The disciples made what sounded like a confident confession in verses 29-30. “Now You are speaking plainly… we believe that You came from God.” But because their faith was still real yet fragile, they scattered only hours later. Full rest came only after the cross, through the resurrection and the Spirit’s work of helping them understand. Because we stand on the far side of all of that, we are not where they were. The Word is complete, the Spirit has been poured out, the mission is finished, and the Father has been declared. Therefore, we need not scatter.

When life does not make sense, let the cross show you the Father’s heart.

Some people feel secure only when life seems to be going well. When the path is clear, prayers seem answered, and spiritual feelings are strong, this person feels held by God. But when suffering comes, prayers seem unanswered, and the way is dark, that same person begins to interpret difficulty as abandonment. God’s silence feels like displeasure and the hard season feels like the Father has turned His face.

Jesus is not pointing to circumstances; He is pointing to the completed mission. When you cannot read the Father’s affection from your current season, read it from the cross. Read it from the empty tomb. Read it from the ascended Son who “is at the right hand of God” and “intercedes for us” (Romans 8:34) even now. Nothing in all creation “will be able to separate us from the love of God, which is in Christ Jesus our Lord” (Romans 8:39). Your assurance does not rest on life going well. It rests on Christ’s completed mission, on the risen Mediator, and on the Father who loves His people in the Son He sent.

Conclusion

The hour Jesus promised has come because the cross has been endured. The resurrection has confirmed what the cross declared, and the Spirit has been poured out. The Father loves His people with a real, personal affection that does not depend on their devotion. His love does not fluctuate with their circumstances or require the Son to soften the Father’s severity. “God is love” (1 John 4:8), and the cross is that love acted in history, made visible in flesh.

Christ brings His people to rest in the Father’s love by leading them from confusion into confident access. There confidence does not come because they have finally performed well enough or finally understand everything.
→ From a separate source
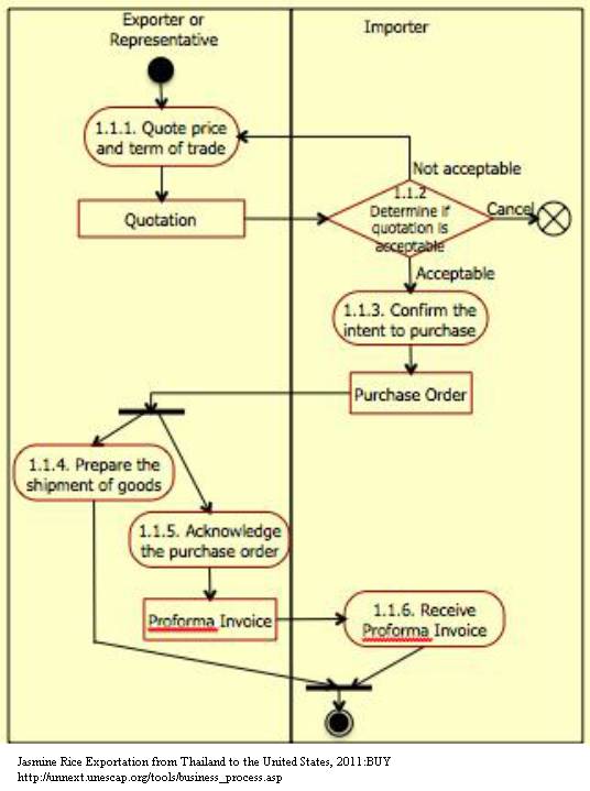 1. Exporter prepares Quotation to inform an importer about quoted price and sales terms. 2. Importer reviews the Quotation and determines if the quoted price and sales terms are acceptable. If the quoted price and sales terms are not acceptable, importer requests exporter to revise the quoted price and sales terms. 3. If the quoted price and sales terms are acceptable, importer confirms exporter the purchase of goods with Purchase Order. 4. Exporter prepares the delivery of goods accordingly. 5. Exporter acknowledges the receipt of Purchase Order and confirms that the jasmine rice will be delivered according to established conditions and terms by sending importer Proforma Invoice. 6. Importer receives Proforma Invoice.

It comes because they know that the Father Himself loves them. He loves them in the Son He sent and through the cross the Son endured. He loves them through the Spirit who opens their eyes and seals them. And He loves them through the Son, who now intercedes at His right hand.

You may have believed all of this for years without fully resting in it. Resting is different from agreeing with it. Resting happens when you stop scanning your own spiritual record for signs of the Father’s approval. You look instead at the Son He gave. The Son He gave is the declaration of His love, and that declaration is costly, permanent, and cannot be revoked. Come to the Father through Christ. Not after you have repaired yourself. Not after you have proven your sorrow is deep enough. Not after you have made your spiritual life impressive enough. You come because the Son has opened the way, and because the Father Himself loves His people.

So pray. Confess the sin you have been hiding. Bring the sorrow you have been carrying. Name the fear that has kept you distant. Ask for the help you have been too ashamed to ask for. And when your heart tells you the Father will only tolerate you, answer your heart with the Son He gave.

The Son He gave is the declaration of His love, and that declaration is costly, permanent, and cannot be revoked. Come to the Father through Christ. He is not barely persuaded to tolerate you. He is the One whose love moved toward you in the giving of His Son. Rest there.

Coming to the Father does not require you to move from your seat, know the perfect words, or wait until you feel worthy. It means turning to Him honestly through Christ, right where you are. That may be a quiet prayer as simple as this: “Father, I come to You through Jesus. I believe Your Son has opened the way. Help me trust Your love.”

And if you need help praying that way, come talk with me after the service. Not because Christ is hard to reach, but because sometimes we need another believer to help us take the next step.